António Miguel Pina, presidente da AMAL, reagiu às novas medidas tomadas pelo governo para aliviar as restrições impostas no consumo de água na região.
O presidente da Comunidade Intermunicipal do Algarve (AMAL), António Miguel Pina, classificou hoje como «equilibrada» a decisão anunciada na quarta-feira pelo governo de aliviar as restrições impostas ao consumo de água no Algarve devido à seca.
Numa reação à decisão anunciada na quarta-feira pelo primeiro-ministro, em Faro, após uma reunião da comissão de acompanhamento da seca, António Miguel Pina disse à Lusa que é importante não tirar o foco da situação de seca e de escassez de água que a região continua a enfrentar, apesar de as últimas chuvas terem melhorado os níveis das reservas do Algarve.
«O importante é que não se tire o foco de que a situação que vivemos continua a ser uma situação muito crítica, não há razão nenhuma para esquecermos que estamos numa situação de escassez. Agora, uma vez que temos a mesma água que tínhamos há um ano, era razoável esta diminuição das restrições», afirmou o também presidente da Câmara Municipal de Olhão.
O autarca frisou ser essa a posição que os 16 municípios do distrito de Faro vinham a defender nas últimas semanas, «uma vez que a situação melhorou ligeiramente», comparativamente ao cenário que motivou a declaração de alerta por seca na região feita pelo anterior governo, em fevereiro, aplicando cortes de 25 por cento à agricultura e 15 por cento ao sector urbano, que inclui o turismo.
O presidente da AMAL considerou que «não era razoável terminar com todas as restrições, porque isso até passaria uma imagem errada para a opinião pública e para os consumidores em geral», mas concordou ser «possível reduzir o fosso a quem tinha sido pedido mais [cortes], nomeadamente a agricultura».

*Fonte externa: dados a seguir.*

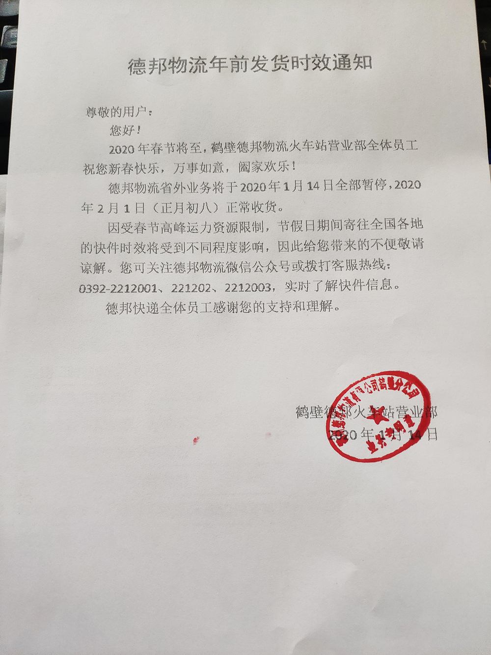 以上物流停止接貨當日及當日以后發(fā)出的貨物,我司不能保證正常的運輸?shù)截洉r效。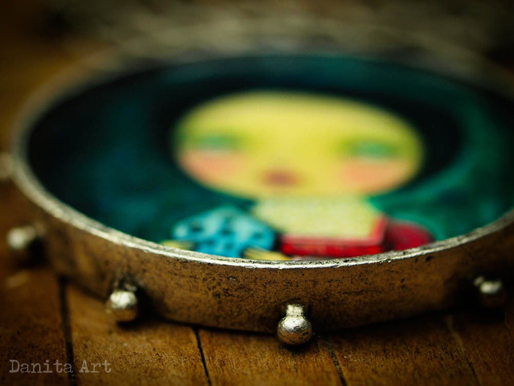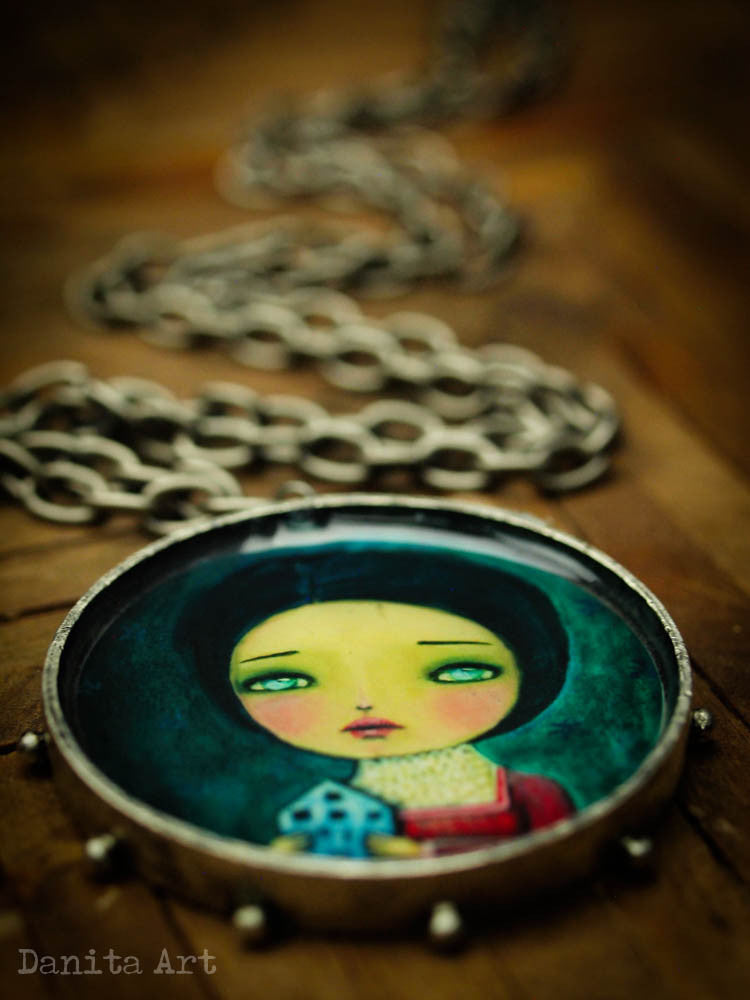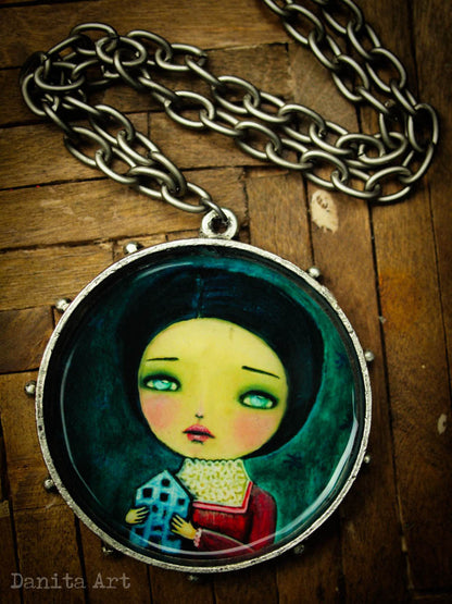 This very special necklace features a detail of one of my original paintings. Round in shape and in an oxidized silver color, it measures about 2 inches in diameter and hangs from a chain.

«É preciso nunca esquecer que a lei define, e bem, níveis diferentes de graduação da importância do abastecimento, sendo o abastecimento público o que tem de ser sempre preservado, e por isso também faz sentido haver diferentes tipos de esforço, um bocadinho mais no sector económico, do que aquilo que é no sector urbano. Portanto, a proposta é equilibrada», afirmou.
Questionado sobre a ausência dos municípios algarvios da reunião da comissão da seca, realizada na quarta-feira em Faro, com a presença de Luís Montenegro, António Miguel Pina respondeu que «a casamentos e batizados só se vai convidado».

«O anterior governo, com o anterior ministro [do Ambiente, Duarte Cordeiro], estava mais próximo, mas são formas de governar, e não altera aquilo que é a nossa opinião sobre as medidas», desdramatizou.
Quanto à disponibilização pelo governo de um montante de 103 milhões de euros destinados a investimentos na eficiência hídrica no Algarve, também anunciada na quarta-feira, o presidente da AMAL disse que todos os reforços «são importantes», mas salientou que o reforço «não vai para aquele sector que tem a maior taxa de execução, que são os municípios».
«Aquilo que temos vindo a pedir é um reforço da verba atribuída ao setor urbano para que, no combate às perdas, se vá mais longe do que aquilo que é possível ir», indicou, recordando que há ainda um trabalho a executar pelas autarquias para resolver as perdas nas redes de abastecimento público.
O primeiro-ministro, Luís Montenegro, anunciou na quarta-feira em Faro o alívio das restrições impostas, desde fevereiro, aos consumos de água, atualizando a redução, que passa de 25 por cento para 13 por cento na agricultura e de 15 por cento para 10 por cento no sector urbano e turismo, para fazer face à escassez hídrica na região, num total de 20 hectómetros cúbicos.
Luís Montenegro adiantou que a resolução aprovada em fevereiro pelo anterior governo, que previa cortes de 25 por cento para a agricultura e de 15 por cento para o sector urbano, vai ser revogada e o governo vai preparar outra com as novas metas.
Por outro lado, as organizações ambientalistas consideraram hoje que o governo se precipitou a aliviar as restrições aos consumos de água no Algarve, uma decisão que «não se justifica» e que levanta «preocupações» para os próximos meses.